In his public capacity Augustus had an admirable opportunity after Antony's death of constituting the empire which had become a necessity—upon a broad and enduring basis; and although this was apparently his intention, events proved that he did not possess the statesmanship or self-renunciation requisite for such a task. In the old Roman institutions, for which he professed so profound a reverence, were to be found nearly all the materials for the erection of a sound constitutional fabric, free alike from the excessive decentralization that had ruined Greece and the despotic autocracy inseparable from Oriental forms of civilization. Out of the materials which lay at hand, and of which he must have been cognizant, Augustus might have created a stable government, directed by competent public servants, assisted and controlled in their administration by the intelligent co-operation not only of the inhabitants of Rome or Italy, but of every freeman within the dominions of the empire. On this path, which would probably have saved Europe ten centuries of darkness and barbarism, Augustus did not choose to proceed; and the only institution which he founded on the ruins of the Republic was the absolute will of the emperor too frail a bulwark to prevent the rapid dissolution of ancient society. Tacitus gives a lucid and concise account of the method adopted by the emperor for concentrating all authority in his own person, and of the willingness of all classes to accept the yoke.

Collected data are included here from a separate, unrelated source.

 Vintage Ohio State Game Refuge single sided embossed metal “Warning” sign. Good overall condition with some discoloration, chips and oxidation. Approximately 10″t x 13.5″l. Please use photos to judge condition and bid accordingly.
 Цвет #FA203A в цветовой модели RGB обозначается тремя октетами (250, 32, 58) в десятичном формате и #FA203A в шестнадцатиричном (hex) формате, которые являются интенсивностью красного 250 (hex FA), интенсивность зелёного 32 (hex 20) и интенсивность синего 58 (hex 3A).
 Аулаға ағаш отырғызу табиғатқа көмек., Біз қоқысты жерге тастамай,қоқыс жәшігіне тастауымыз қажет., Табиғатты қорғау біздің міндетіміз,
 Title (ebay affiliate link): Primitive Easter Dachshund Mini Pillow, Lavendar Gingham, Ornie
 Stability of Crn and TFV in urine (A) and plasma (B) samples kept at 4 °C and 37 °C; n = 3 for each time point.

"The defeat of Brutus and Cassius," says the historian, "destroyed the republicans; Sextus Pompey had succumbed in Sicily; the fall of Lepidus and the death of Antony left Augustus as sole chief of Caesar's party. Renouncing the title of Triumvir for that of Consul, Augustus, for the purpose of protecting the people, was at first contented with the tribunitian power. Soon afterwards, having gained the soldiers by his largesses, the people by distributions of food, and all orders of the State by the sweets of peace, he grew bolder by degrees, and drew to himself without opposition the whole power of the Senate, the magistrates, and the laws. The bravest of the nobility had perished in battle or by proscription; the rest won over to servitude by riches and honours, preferred the present with its safety to the past with its dangers. These changes did not displease the provinces; they dreaded the rule of the Senate and people, on account of the rival ambitions and cupidity of the magistrates, who were feebly checked by laws which were powerless against violence, corruption, and wealth."

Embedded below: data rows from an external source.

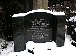 Казбек Дрисович Карсанов умер 27 марта 1997 года в Москве. Похоронен на Троекуровском кладбище (участок 2).
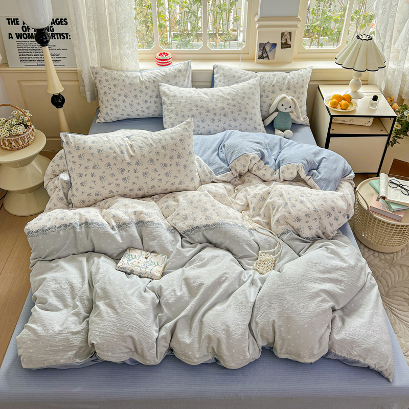 (总)一比一 2026新款云感皱皱双层纱四件套-全棉花边款【控价99元销售】,半夏绿,百福蓝,薄荷微凉,春风里,春晓,豆蔻,蝴蝶梦,可颂,兰黛,山野栀子,素颜,太妃糖,心动,遇见,芝士奶酪,紫爱心,紫苏,花园兔,蜡笔画,小黑兔,白茶-绿,初恋,莱茵河畔,桃花诺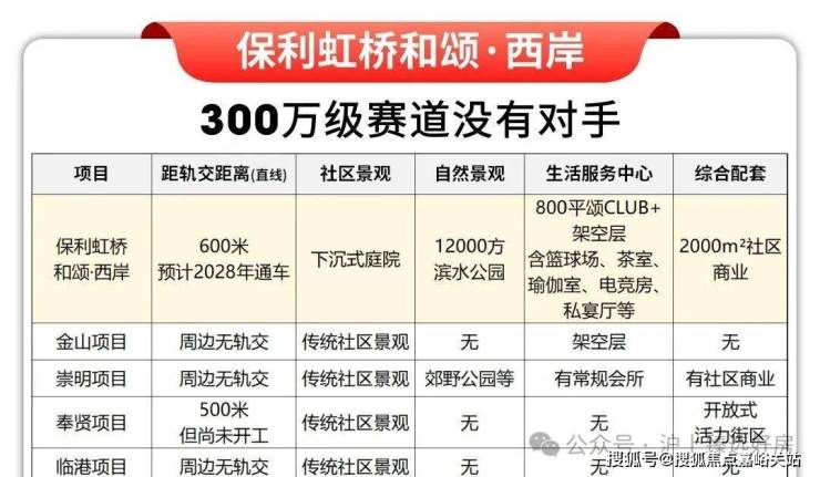 而保利虹桥和颂·西岸,3房起步仅300万级,改善4房500万级,与周边区域相比,无疑处于价格洼地!🗝️

[Illustration] from The Jews Under Roman Rule by W. D. Morrison


Such, then, was the character of the ruler with whom Herod had for the future to deal; and such the nature of the empire into which Palestine became incorporated for several centuries to come. At the close of the Alexandrian expedition Augustus had to arrive at a determination respecting the government of his new acquisitions in the East. He renounced the designs of Caesar and Antony for carrying Roman arms beyond the Euphrates. The countries immediately contiguous to the Mediterranean formed a natural boundary for an industrial and commercial empire such as Augustus had conceived; his eastern policy therefore resolved itself into the question of establishing a stable authority on the Egyptian and Syrian line of coast. Of Herod's competence to assist him in this task the emperor was well aware. The Jewish king, it is true, in the struggle between contending factions, had frequently changed sides, but he had always remained faithful to Rome; although he espoused Antony's cause, he did not oppose Augustus in the field, and his hatred of Cleopatra went far to atone for his familiar relations with her lover. In addition, the excellent arrangements Herod had made for the comfort of the troops in the recent campaign were fresh in the emperor's memory, and policy as well as gratitude pointed to the Jewish prince as the fittest man for guarding Roman interests in Western Syria. At all events, such was the opinion of Augustus, who possessed a rare aptitude for the selection of able subordinates. Herod, accordingly, was not only confirmed in his kingdom, but it was also enlarged by the addition of Samaria, the Jewish possessions of Cleopatra, portions of territory east of Jordan, and the whole coastline from Gaza to the future city of Caesarea. A few years afterwards, when Augustus was further convinced of the wisdom of his choice, Herod received fresh accessions of territory. His power then extended eastward to Damascus and northward to the sources of the Jordan, the whole kingdom forming a vaster dominion than had at any previous time been ruled from Jerusalem, even in her palmiest days.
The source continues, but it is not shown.